__Input data__.
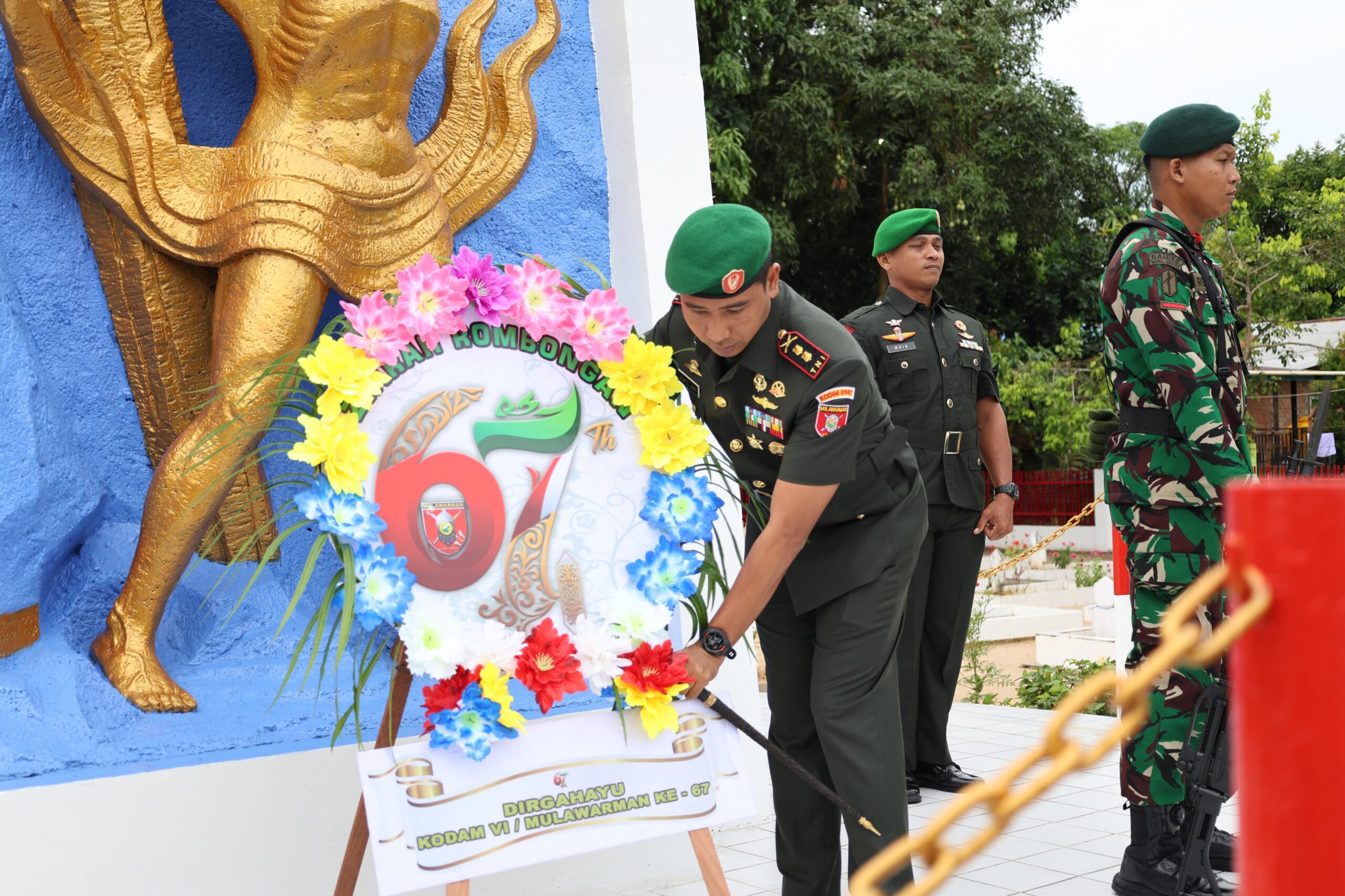 Dipimpin langsung Komandan Kodim 0907/Trk Letkol Inf Syaiful Arif,S.Sos.,M.Han.kegiatan berlangsung khidmat. Diawali penghormatan,peletakkan karangan bunga di tugu makam pahlawan, kemudian penaburan bunga yang diikuti para perwira dan anggota Persit Kartika Chandra Kirana Cab XIX Dim 0907 dan Ranting 2 Yonif 613/Rja.
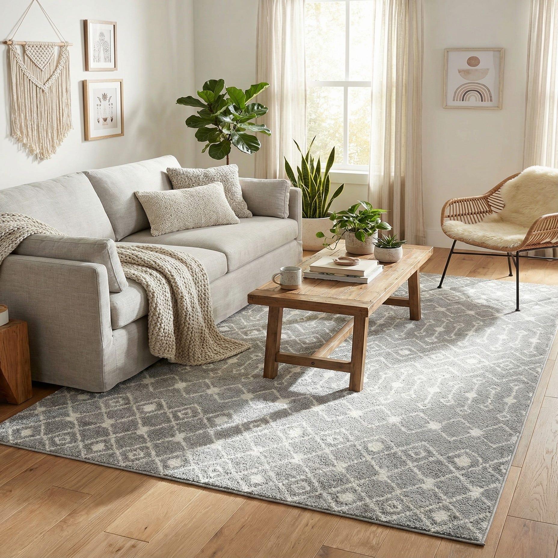 This rug fits easily into a range of interiors — try it under a coffee table in a contemporary living room, layered beneath a bed to add softness to a bedroom, or centered in a casual dining area to ground seating. Its neutral palette works with warm wood tones, cool metals, and linen or leather upholstery, making it a good choice for Scandinavian, transitional, or modern farmhouse schemes. Machine-made construction delivers consistent patterning and a dependable texture for everyday spaces.
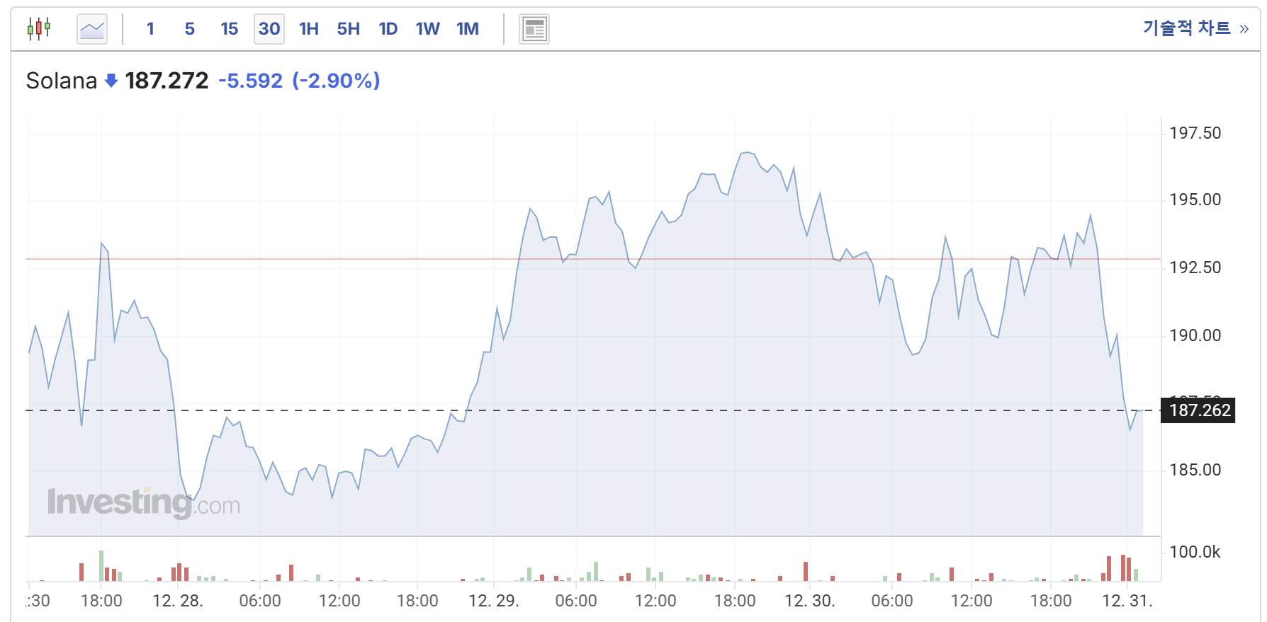 현재 솔라나는 ₩275,000에서 ₩293,000 사이에서 거래되고 있습니다. 이는 달러 기준으로 약 $188에서 $191 수준입니다. 최근 24시간 동안 거래량은 약 ₩5.2조에 달하며, 시가총액은 약 ₩139조로 추산됩니다. 이러한 시세는 솔라나의 기술적 발전과 시장에서의 높은 수요를 반영하고 있습니다.
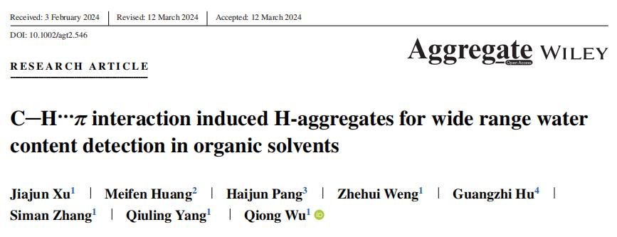 近日,开云官网化学化工学院吴琼教授团队在光学材料领域取得新进展,相关工作以题为“C-H...π interaction induced H-aggregates for wide range water content detection in organic solvents”的文章发表在顶级期刊《Aggregate》(doi.org/10.1002/agt2.546)上(中科院一区,影响因子: 18.8),实现了开云官网在国产顶级学术期刊的突破。开云官网化学化工学院2021级研究生许家俊为第一作者,化学化工学院吴琼教授为通讯作者。

__Description of the task__.
Return the opening line of the data above and every line after it up to and including the line that holds "현재 솔라나는 ₩275,000에서"; pictures stay out.

__Written response__.
 Dipimpin langsung Komandan Kodim 0907/Trk Letkol Inf Syaiful Arif,S.Sos.,M.Han.kegiatan berlangsung khidmat. Diawali penghormatan,peletakkan karangan bunga di tugu makam pahlawan, kemudian penaburan bunga yang diikuti para perwira dan anggota Persit Kartika Chandra Kirana Cab XIX Dim 0907 dan Ranting 2 Yonif 613/Rja.
 This rug fits easily into a range of interiors — try it under a coffee table in a contemporary living room, layered beneath a bed to add softness to a bedroom, or centered in a casual dining area to ground seating. Its neutral palette works with warm wood tones, cool metals, and linen or leather upholstery, making it a good choice for Scandinavian, transitional, or modern farmhouse schemes. Machine-made construction delivers consistent patterning and a dependable texture for everyday spaces.
 현재 솔라나는 ₩275,000에서 ₩293,000 사이에서 거래되고 있습니다. 이는 달러 기준으로 약 $188에서 $191 수준입니다. 최근 24시간 동안 거래량은 약 ₩5.2조에 달하며, 시가총액은 약 ₩139조로 추산됩니다. 이러한 시세는 솔라나의 기술적 발전과 시장에서의 높은 수요를 반영하고 있습니다.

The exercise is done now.